GWU counselors are licensed in the District, Maryland and Virginia, but officials are trying to extend their reach. Counseling center staffers said they may be able to get temporary licenses on a case-by-case basis.

“Right when students left, there was a three-week gap before state licensure laws were relaxed,” said M.L. “Cissy” Petty, vice president for student affairs and dean of students, explaining why Hannah may have not been able to receive care when she moved back to Iowa. Many of the laws have since been softened.

Now, campuses are confronting the possibility of spending another semester online, and school psychologists don’t want the complexities of interstate care to deter students from asking for help.

“Most clinicians would say that working across state lines would be ideal,” said Kelly Greco, assistant director of outreach and prevention services at the University of Southern California. But, she said, “we don’t want people to not reach out because of that. We want to have the conversation about what are your current needs, is there anything that we’re offering now that can help that need and address it, and then how can we connect you with the services where you’re at.” Greco said the school is offering services designed to fill in the gap: daily workshops about coping and stress management, drop-in virtual consultations, multilingual counselors and special hours for international students.
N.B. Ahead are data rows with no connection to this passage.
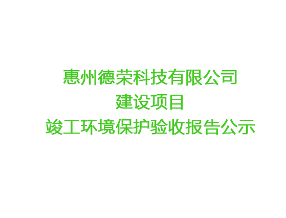 根據(jù)《國(guó)務(wù)院關(guān)于修改〈建設(shè)項(xiàng)目竣工環(huán)境保護(hù)管理?xiàng)l例〉的決定》(國(guó)務(wù)院令第682號(hào)),以及環(huán)保部《關(guān)于發(fā)布的公告》(國(guó)環(huán)規(guī)環(huán)評(píng)[2017]4號(hào)),現(xiàn)將惠州市德榮科技有限公司建設(shè)項(xiàng)目竣工環(huán)境保護(hù)驗(yàn)收內(nèi)容(包括驗(yàn)收?qǐng)?bào)告、驗(yàn)收意見(jiàn))公示。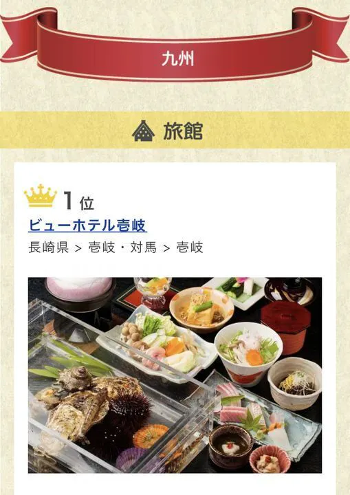 じゃらんnet「口コミ九州夕食がよかった旅館ランキング」で1位に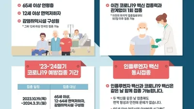 파주시, 코로나19 무료 예방접종 10월 19일부터 실시 - 고위험군 10월 19일부터, 접종희망자 11월 1일부터 접종         파주시는 10월 19일부터 2024년 3월 31일까지 코로나19 무료 예방접종을 전면 실시한다. ...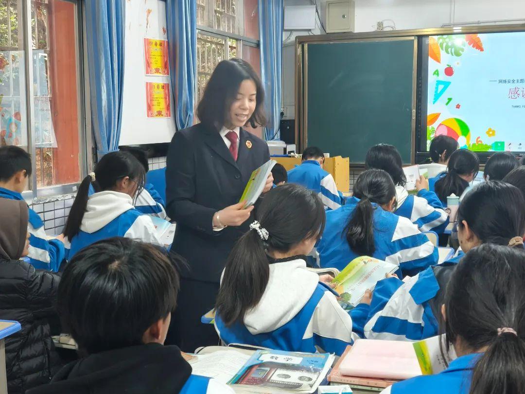 “同學(xué)們,你眼中的網(wǎng)絡(luò)是什么樣的呀?”“當(dāng)你收到陌生人發(fā)來(lái)的奇怪鏈接,可以點(diǎn)開(kāi)嗎?”課程開(kāi)始,未檢干警以青少年眼中的網(wǎng)絡(luò)是什么為開(kāi)篇,與學(xué)生進(jìn)行互動(dòng)問(wèn)答,了解學(xué)生觸網(wǎng)現(xiàn)狀后以真實(shí)的案例、動(dòng)畫(huà)短片向同學(xué)們講解網(wǎng)絡(luò)各類騙局、網(wǎng)絡(luò)違法犯罪相關(guān)知識(shí)。同學(xué)們紛紛表示聽(tīng)有所獲,在今后的學(xué)習(xí)生活中會(huì)做到安全上網(wǎng)、文明上網(wǎng)。課程結(jié)束后,未檢干警給學(xué)生發(fā)放法治宣傳手冊(cè),將知識(shí)延伸到課堂外,進(jìn)一步強(qiáng)化學(xué)生法治意識(shí)。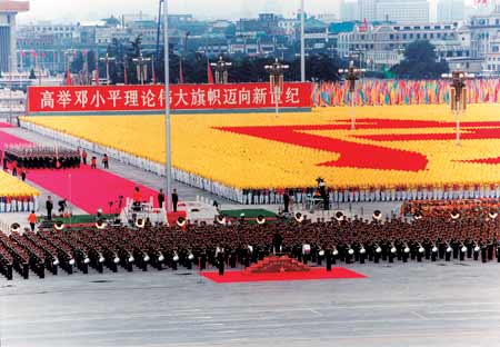 在開國大典那一天,這支年輕的軍樂隊用大部分從敵人手中繳獲的樂器(當天甚至連圓號都沒有),演奏了《東方紅》、《義勇軍進行曲》、《中國人民解放軍進行曲》、《騎兵進行曲》、《青年進行曲》等充滿民族色彩的樂曲,他們連續(xù)站立演奏了近4個小時,直到群眾游行結(jié)束。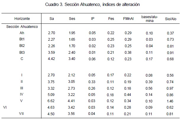 El índice de intemperismo de Parker (IP) muestra valores bajos en el luvisol, similares a los obtenidos para la relación bases/ alúmina (Cuadro 3). La relación Fes muestra valores altos que indican la presencia de amorfos de hierro en cantidades elevadas; mientras que el horizonte 4CBt muestra un patrón diferente, ya que los resultados de IP y las bases/alúmina son mayores, mientras que la proporción de amorfos de hierro es menor. La relación Fe2O3+MnO2/Al2O3 es marcadamente elevada, sobre todo en 3Bt, evidenciándose condiciones reductoras en el horizonte. En los tepetates los valores de IP son bajos en la capa I, y altos en la IV y V, notándose una acumulación de SiO2 en ellas. Los resultados de Ses en los tepetates es más heterogénea; el valor de Sa que coincide con la capa I, es bajo, mientras que en II, III IV, VI y VIl es más alto.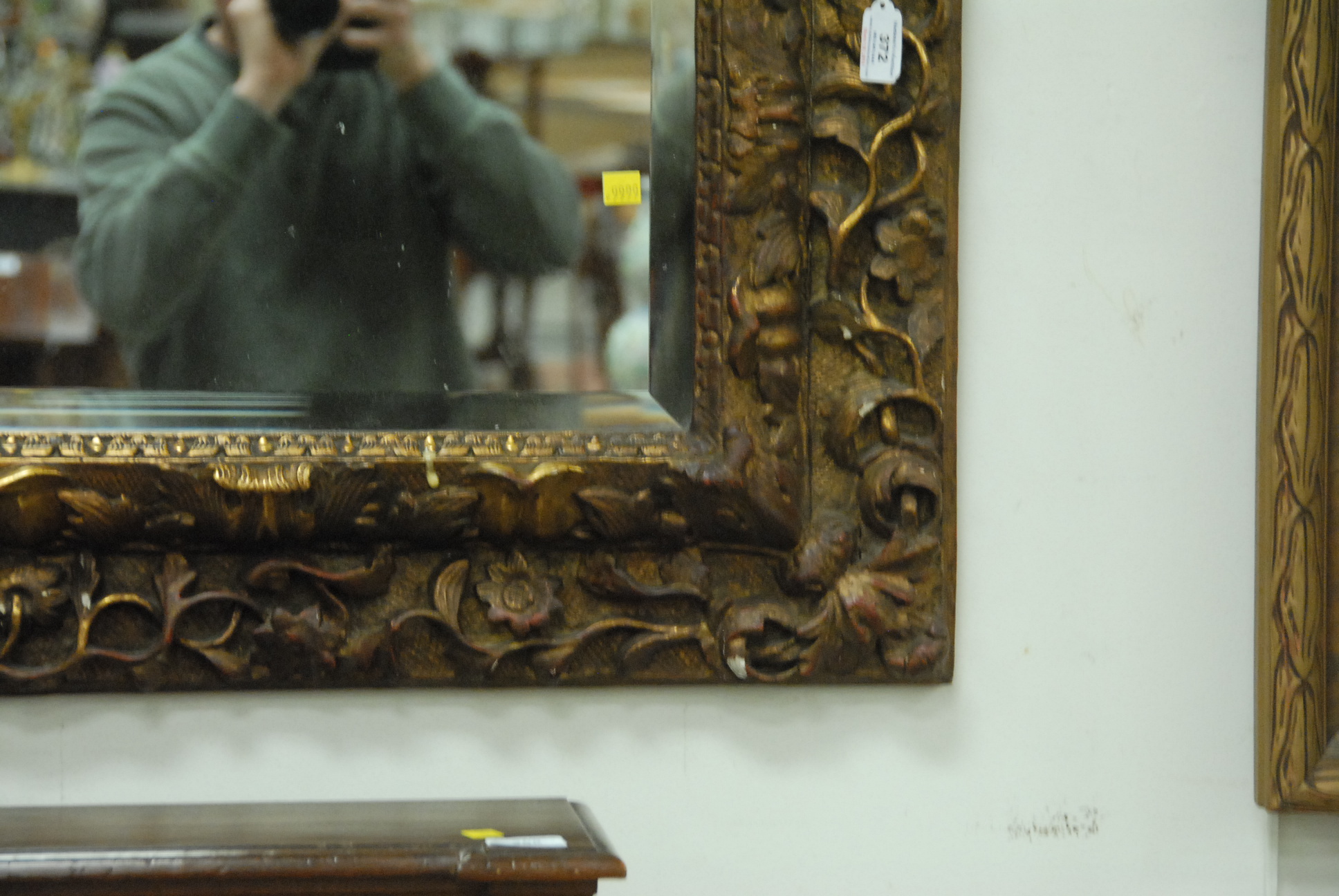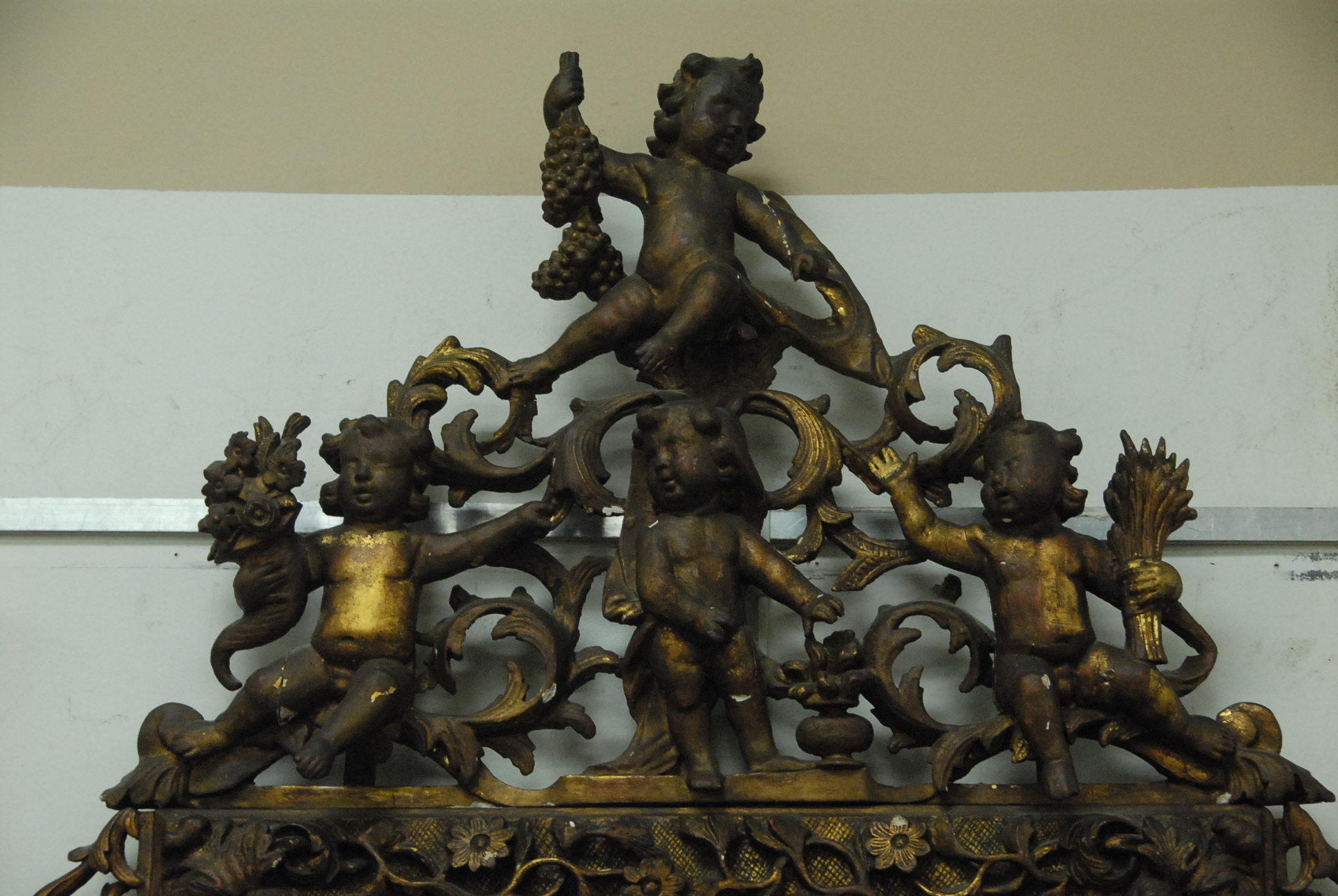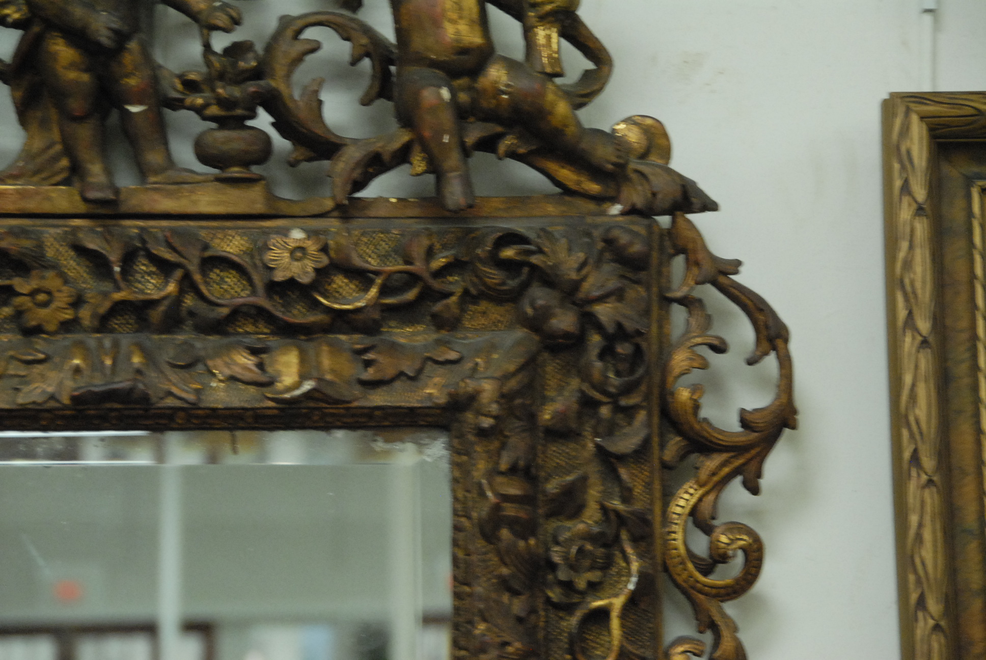 Lot 372: Continental Baroque gilt gesso and carved wood mirror surmounted by four putti, the frame with foliate decoration, 18th/19th century with later mirror plate. ht. 56in. wd. 38in.

Looking ahead, Janet Orwig, associate executive officer for member services at the Association of State and Provincial Psychology Boards, said an agreement between about a dozen states called PSYPACT could start to address students’ concerns. Orwig is executive director of the agreement, devised in 2015 and set to take effect in July, which will allow psychologists in participating states to practice across state lines without individual state licenses.

Particularly as students are faced with the possibility of spending another semester at home, there is an opportunity for states to standardize their practices, said Henderson, the American Counseling Association expert.

“There certainly are things that are different about each state, but there are also things widely accepted about the human condition,” Henderson said. “When treating someone in Ohio versus Oregon versus Tennessee, the principles of doing so are going to be pretty consistent.”

Susan Svrluga contributed to this report.